Reputation: 291
Experts, i have a simple requirement but not able to find the function to achieve the goal.
I am using pyspark (spark 1.6 & Python 2.7) and have a simple pyspark dataframe column with certain values like-
1849adb0-gfhe6543-bduyre763ryi-hjdsgf87qwefdb-78a9f4811265_ABC
1849adb0-rdty4545y4-657u5h556-zsdcafdqwddqdas-78a9f4811265_1234
1849adb0-89o8iulk89o89-89876h5-432rebm787rrer-78a9f4811265_12345678
The common thing about these values is that there is a single "underscore" and after that there are certain characters (can be any number of characters). These are the characters i am interested to get in the output. I want to use a substring or regex function which will find the position of "underscore" in the column values and select "from underscore position +1" till the end of column value. So the output will look like a dataframe with values as-
ABC
1234
12345678
I tried using sub-string but could find anything to "index" the "underscore"
Thanks!
Upvotes: 1
Views: 9165
Reputation: 655
No need to use any regexp
Please try below as shown. Basically Splitting on _ char and getting second item via getItem()

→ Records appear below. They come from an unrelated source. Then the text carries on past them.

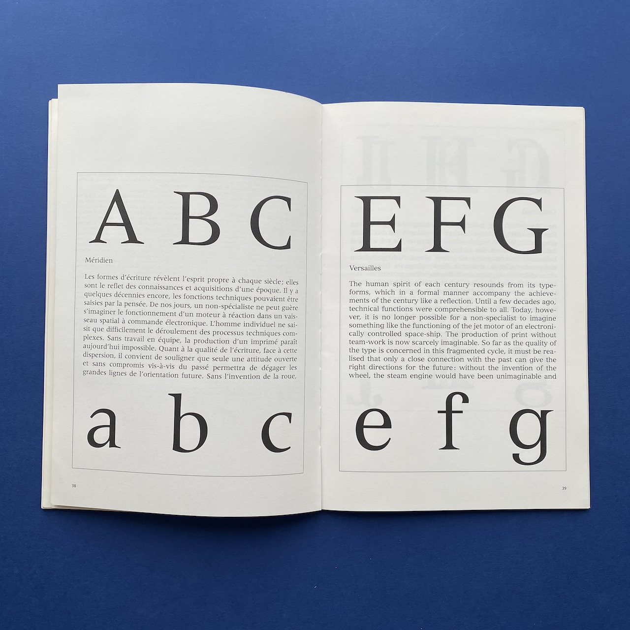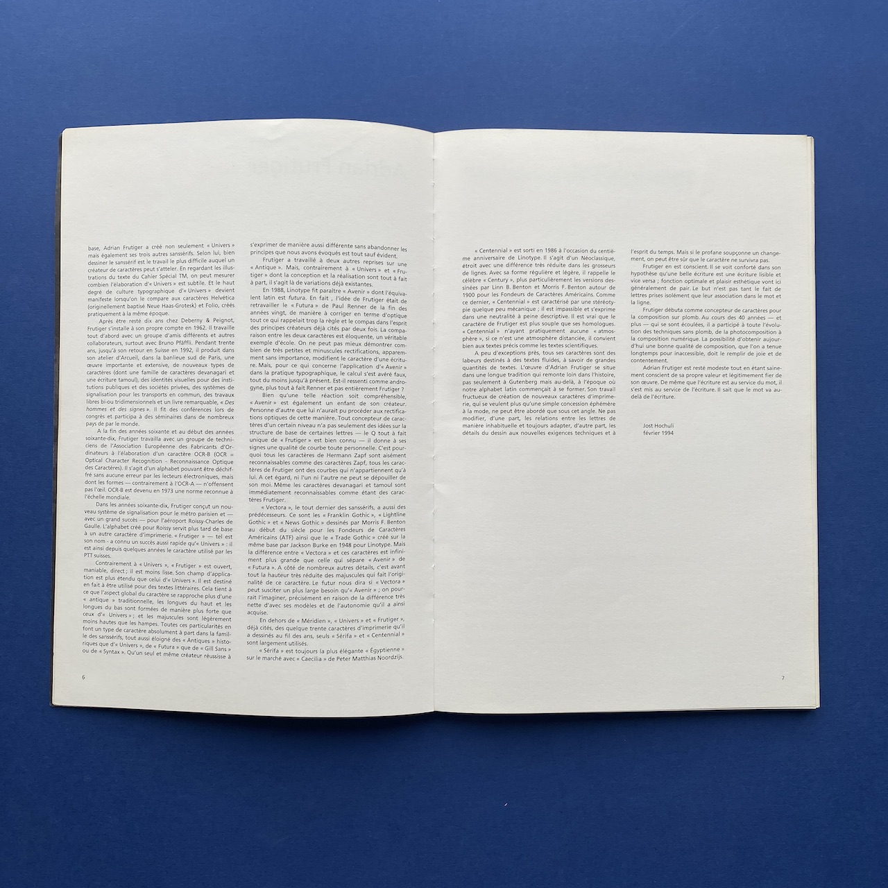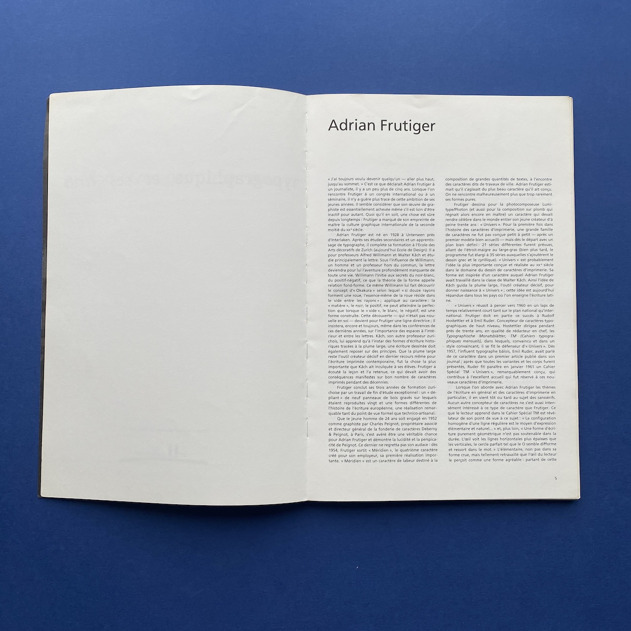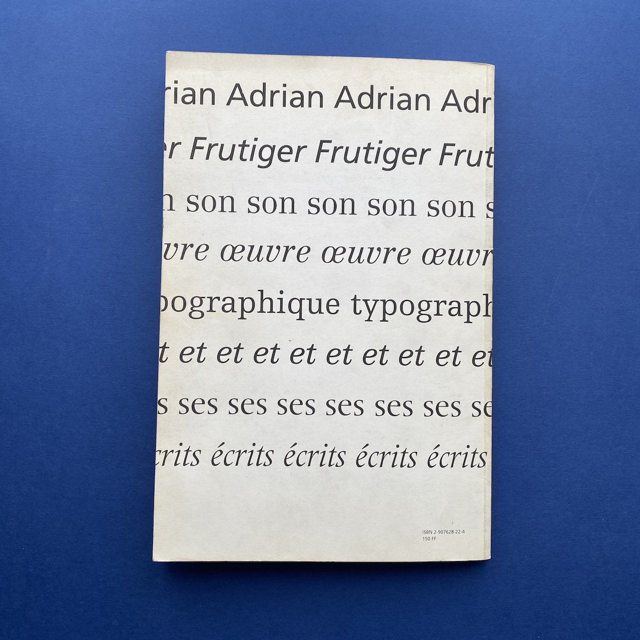 Adrian Frutiger, Son oeuvre typographique et ses écrits, Villeurbanne, 1994, 22 x 33 cm, 74 pp. Catalogue of the exhibition at Maison du livre, de l’image et du son in Villeurbanne. Covers show little rubbing, interior in very good condition.
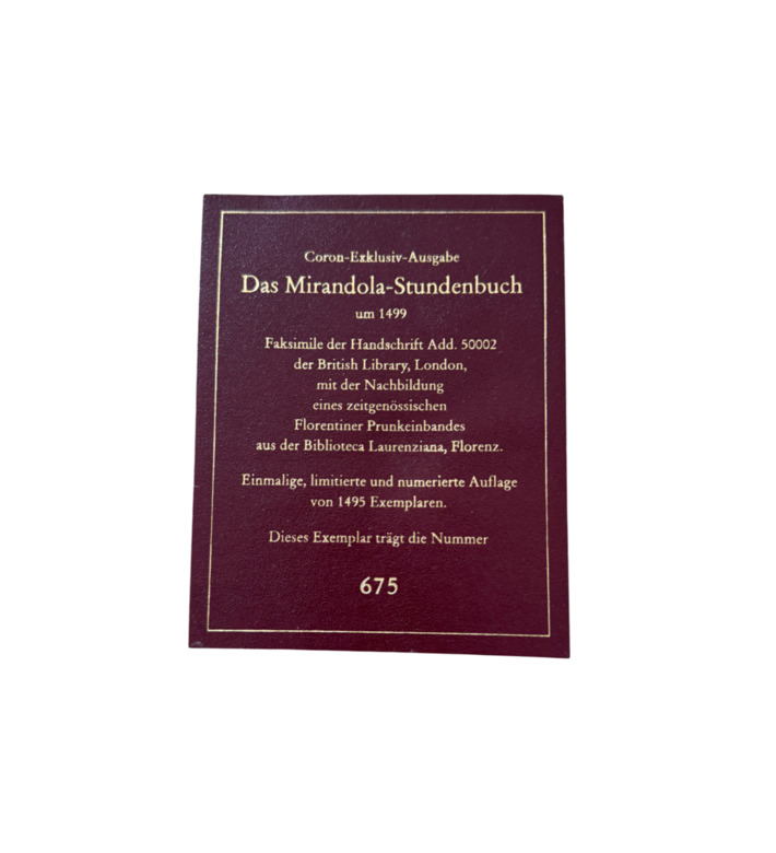 Das nach der Stadt Mirandola benannte Stundenbuch entstand zwischen 1496 und 1499 in Mantua oder Ferrara und gehört zu den Meisterwerken der italienischen Renaissance-Buchmalerei. Auftraggeber war Galeotto Pico I. (1442–1499), Herr von Mirandola.
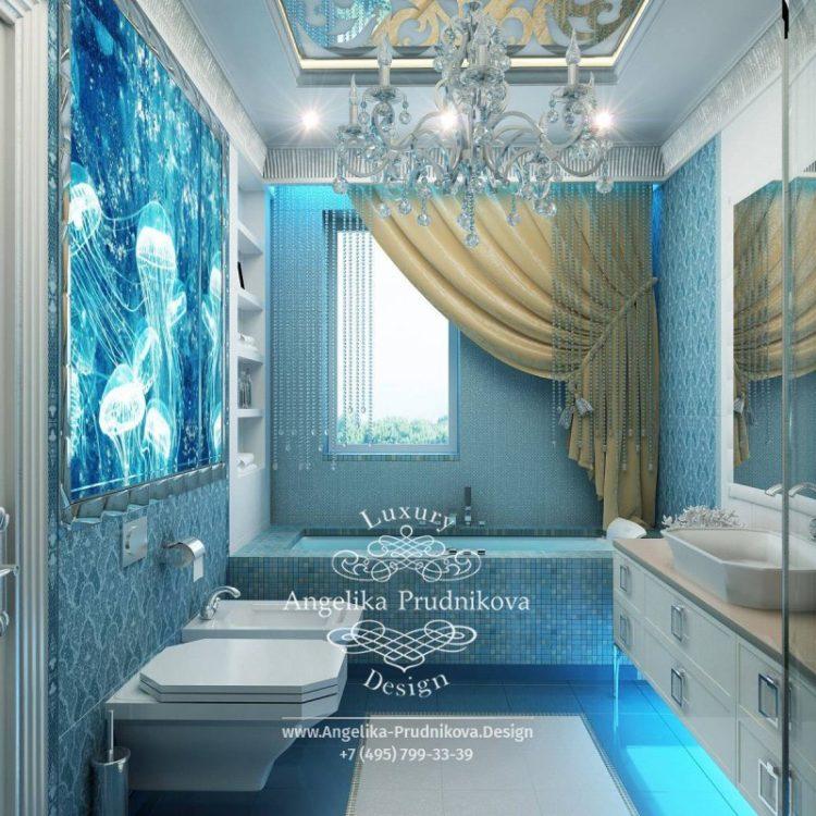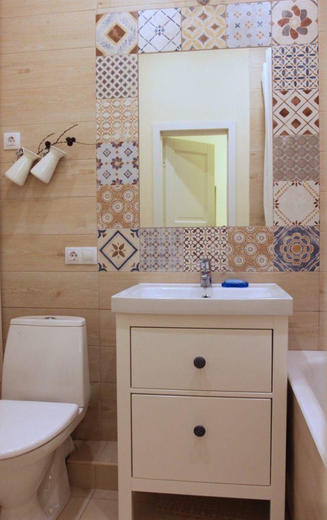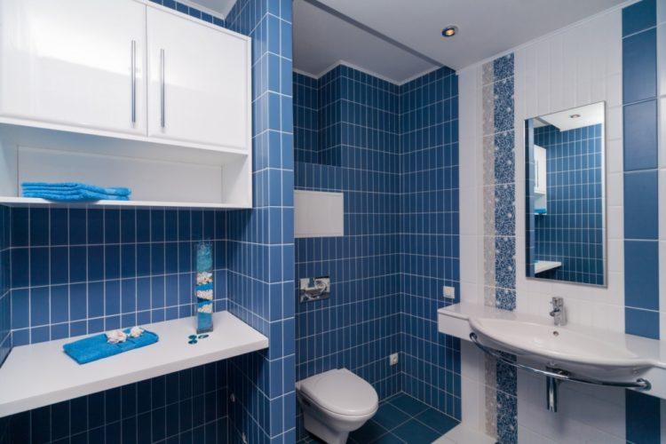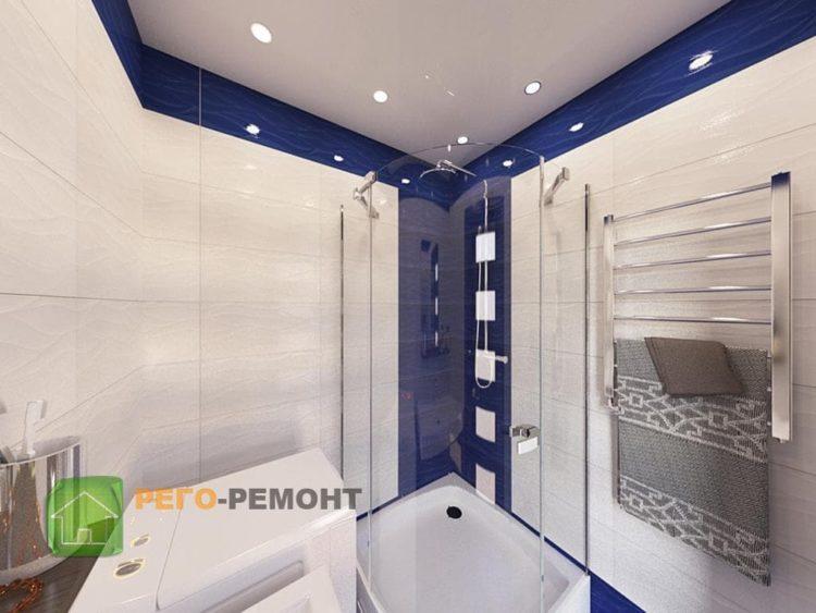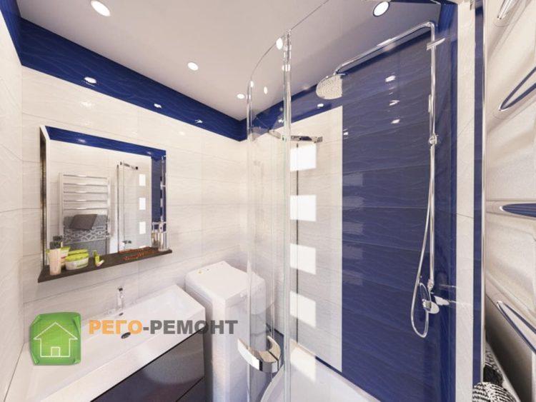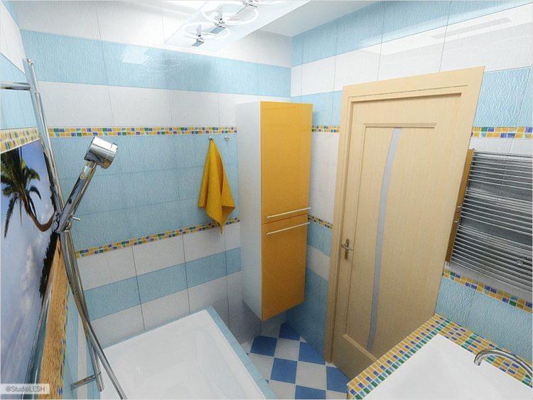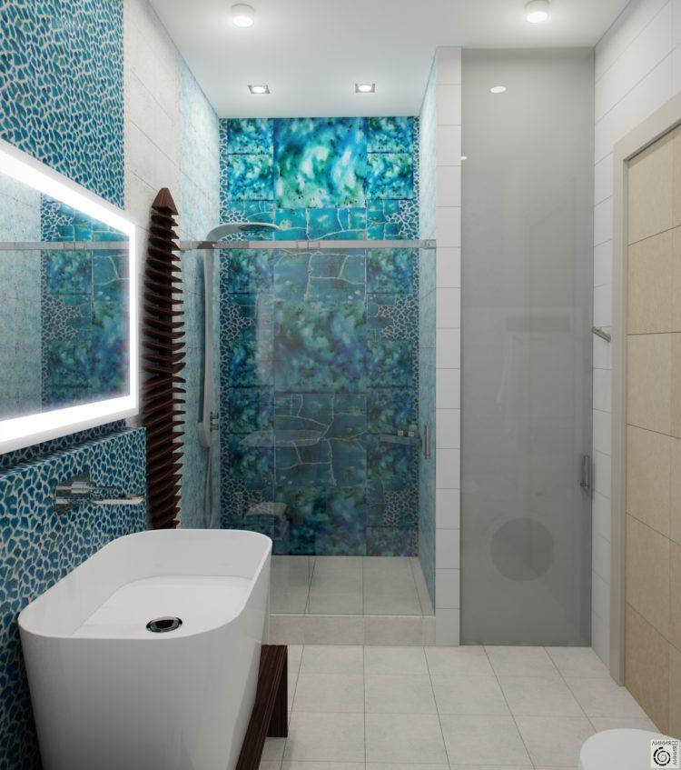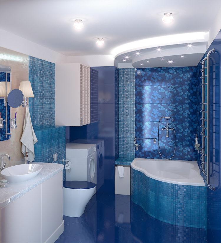 Los colores azules del baño son perfectos para personas activas y enérgicas. Renovación en un pequeño baño de una foto en la que se representan ideas similares.
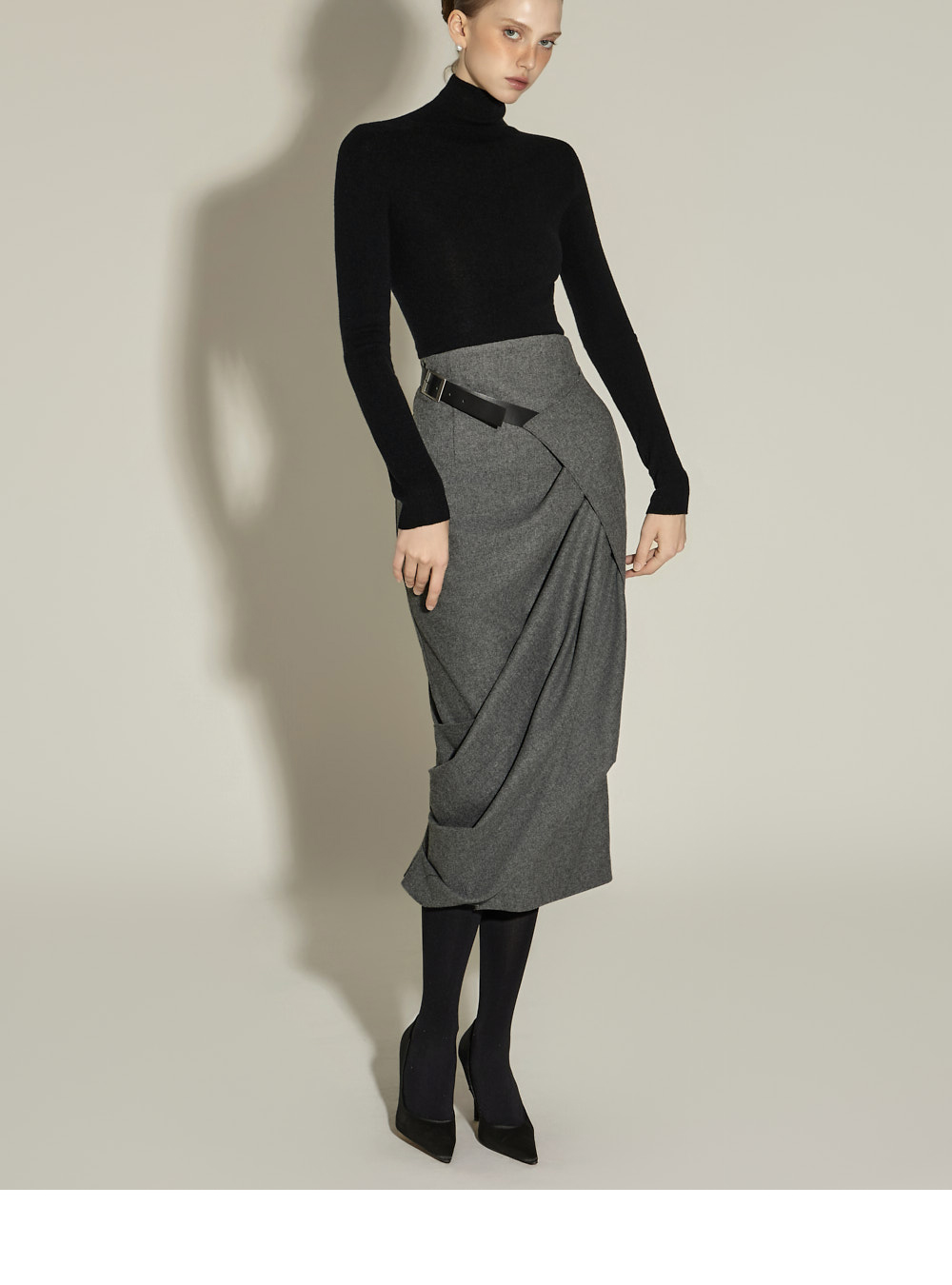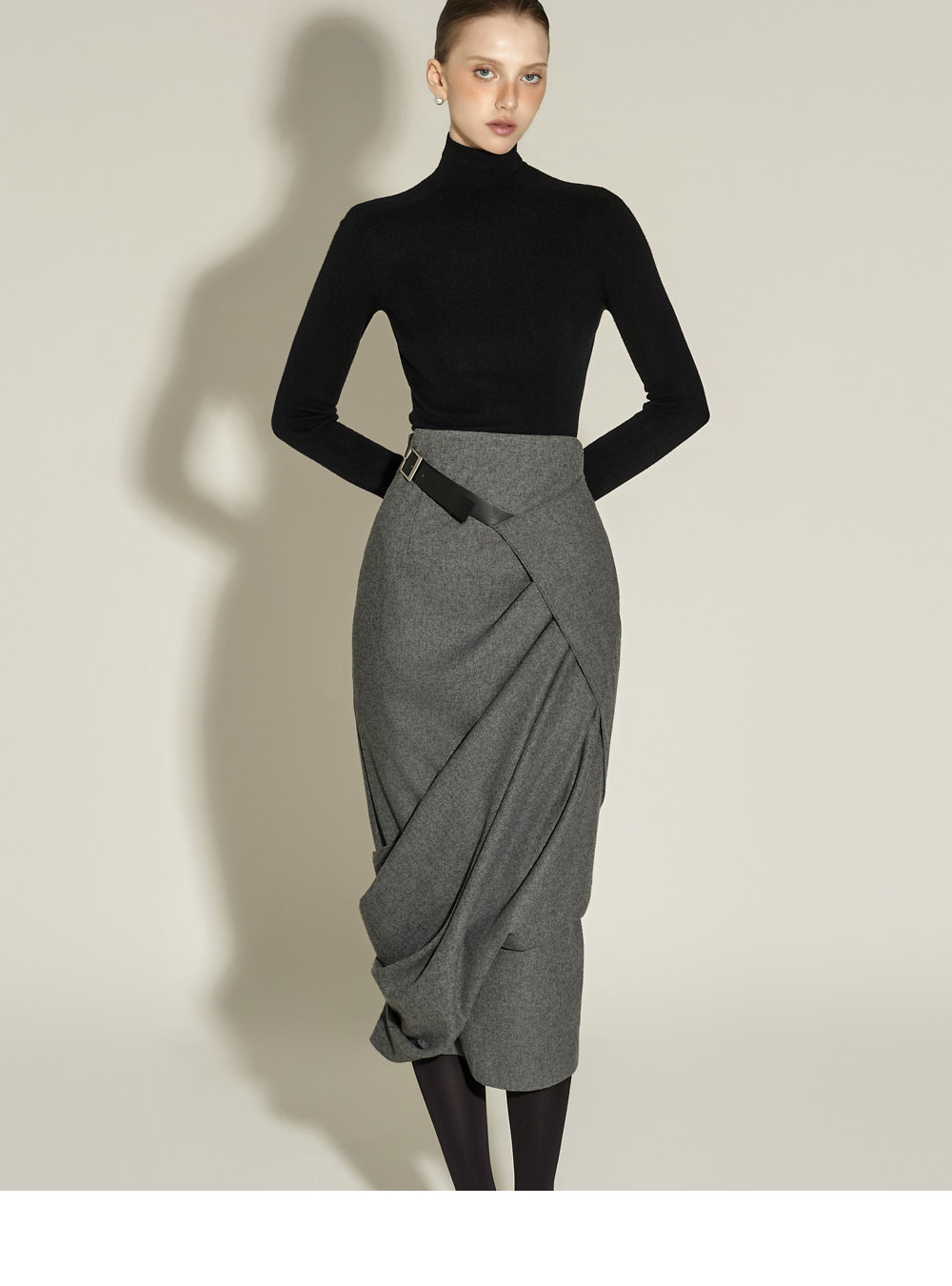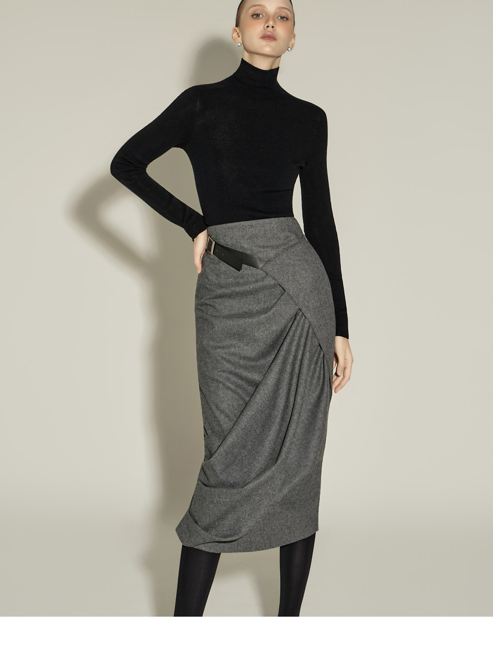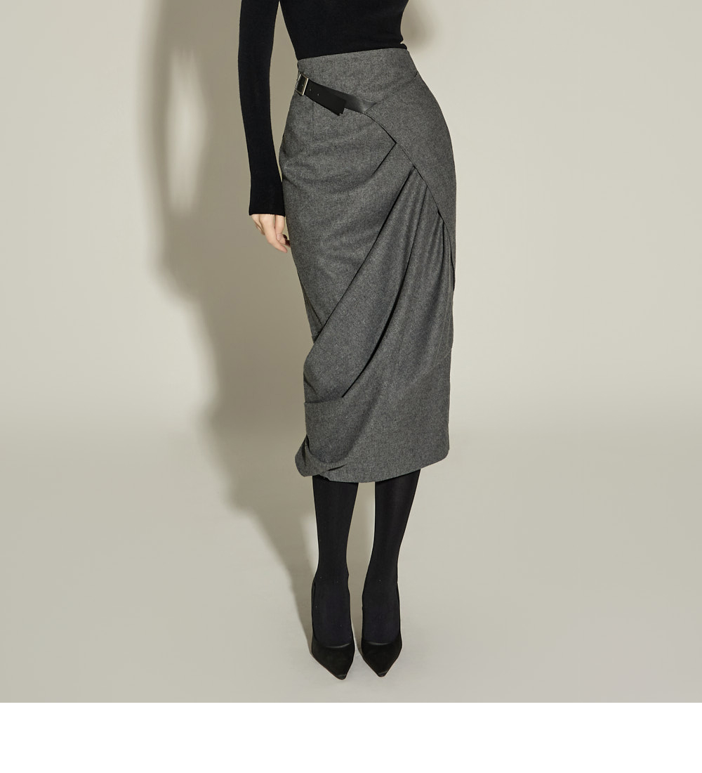 这是一款优雅风格的褶皱裹身腰带半身裙。 自然垂坠的褶皱剪裁营造出优雅氛围,腰带设计收紧腰线,展现纤细身形。 后侧拉链与开衩设计提升活动舒适度,H 型中长裙摆线条干净利落,呈现干练又精致的印象。 适合从正式场合到办公室造型的多种搭配。 174CM 模特穿着 S 码,示范深灰色款。

>>> from pyspark.sql import functions as F
>>> my_list = [("1849adb0-gfhe6543-bduyre763ryi-hjdsgf87qwefdb-78a9f4811265_ABC",),("1849adb0-rdty4545y4-657u5h556-zsdcafdqwddqdas-78a9f4811265_1234",),("1849adb0-89o8iulk89o89-89876h5-432rebm787rrer-78a9f4811265_12345678",)]
>>> my_df = spark.createDataFrame(my_list, schema=["input_v"])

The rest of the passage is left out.